__Your goal__: Look below for the line that contains "醋酸乙烯主要用于生产聚乙烯醇", then copy it and each following line exactly, through and including the line that contains "Q: Is the Kingston".

__Input data__:
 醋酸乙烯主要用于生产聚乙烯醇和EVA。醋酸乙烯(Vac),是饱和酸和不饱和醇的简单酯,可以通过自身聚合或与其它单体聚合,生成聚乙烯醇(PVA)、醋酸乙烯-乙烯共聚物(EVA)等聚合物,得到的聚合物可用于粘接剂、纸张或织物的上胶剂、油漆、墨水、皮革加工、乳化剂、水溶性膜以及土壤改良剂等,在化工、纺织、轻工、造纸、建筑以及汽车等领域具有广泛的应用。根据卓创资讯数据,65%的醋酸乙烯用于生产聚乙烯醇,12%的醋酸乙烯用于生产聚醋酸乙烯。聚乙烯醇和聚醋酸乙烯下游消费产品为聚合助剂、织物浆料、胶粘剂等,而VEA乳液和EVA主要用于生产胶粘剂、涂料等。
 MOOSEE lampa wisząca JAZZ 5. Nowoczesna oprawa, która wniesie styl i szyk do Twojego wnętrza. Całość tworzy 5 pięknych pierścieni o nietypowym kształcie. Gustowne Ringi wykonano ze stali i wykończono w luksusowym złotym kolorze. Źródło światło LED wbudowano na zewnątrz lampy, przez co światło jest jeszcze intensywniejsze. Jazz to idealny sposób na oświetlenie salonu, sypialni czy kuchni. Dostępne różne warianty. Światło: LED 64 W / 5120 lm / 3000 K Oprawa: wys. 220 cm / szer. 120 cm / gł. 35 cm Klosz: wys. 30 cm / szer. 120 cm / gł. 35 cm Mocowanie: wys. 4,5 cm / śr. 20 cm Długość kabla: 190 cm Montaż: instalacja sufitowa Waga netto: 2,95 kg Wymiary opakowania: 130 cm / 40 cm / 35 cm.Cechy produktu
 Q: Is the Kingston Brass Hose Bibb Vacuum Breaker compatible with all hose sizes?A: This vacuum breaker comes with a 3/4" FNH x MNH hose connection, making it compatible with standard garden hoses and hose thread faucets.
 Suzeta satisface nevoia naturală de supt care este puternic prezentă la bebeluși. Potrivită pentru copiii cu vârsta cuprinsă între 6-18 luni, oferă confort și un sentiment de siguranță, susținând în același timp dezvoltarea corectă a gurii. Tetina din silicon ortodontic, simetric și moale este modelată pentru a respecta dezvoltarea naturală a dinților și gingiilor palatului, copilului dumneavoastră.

* * *

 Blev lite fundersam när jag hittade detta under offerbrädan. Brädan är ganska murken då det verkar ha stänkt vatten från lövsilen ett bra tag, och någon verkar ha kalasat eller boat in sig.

...

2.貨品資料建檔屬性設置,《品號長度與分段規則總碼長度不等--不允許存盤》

__Answer space__:
 醋酸乙烯主要用于生产聚乙烯醇和EVA。醋酸乙烯(Vac),是饱和酸和不饱和醇的简单酯,可以通过自身聚合或与其它单体聚合,生成聚乙烯醇(PVA)、醋酸乙烯-乙烯共聚物(EVA)等聚合物,得到的聚合物可用于粘接剂、纸张或织物的上胶剂、油漆、墨水、皮革加工、乳化剂、水溶性膜以及土壤改良剂等,在化工、纺织、轻工、造纸、建筑以及汽车等领域具有广泛的应用。根据卓创资讯数据,65%的醋酸乙烯用于生产聚乙烯醇,12%的醋酸乙烯用于生产聚醋酸乙烯。聚乙烯醇和聚醋酸乙烯下游消费产品为聚合助剂、织物浆料、胶粘剂等,而VEA乳液和EVA主要用于生产胶粘剂、涂料等。
 MOOSEE lampa wisząca JAZZ 5. Nowoczesna oprawa, która wniesie styl i szyk do Twojego wnętrza. Całość tworzy 5 pięknych pierścieni o nietypowym kształcie. Gustowne Ringi wykonano ze stali i wykończono w luksusowym złotym kolorze. Źródło światło LED wbudowano na zewnątrz lampy, przez co światło jest jeszcze intensywniejsze. Jazz to idealny sposób na oświetlenie salonu, sypialni czy kuchni. Dostępne różne warianty. Światło: LED 64 W / 5120 lm / 3000 K Oprawa: wys. 220 cm / szer. 120 cm / gł. 35 cm Klosz: wys. 30 cm / szer. 120 cm / gł. 35 cm Mocowanie: wys. 4,5 cm / śr. 20 cm Długość kabla: 190 cm Montaż: instalacja sufitowa Waga netto: 2,95 kg Wymiary opakowania: 130 cm / 40 cm / 35 cm.Cechy produktu
 Q: Is the Kingston Brass Hose Bibb Vacuum Breaker compatible with all hose sizes?A: This vacuum breaker comes with a 3/4" FNH x MNH hose connection, making it compatible with standard garden hoses and hose thread faucets.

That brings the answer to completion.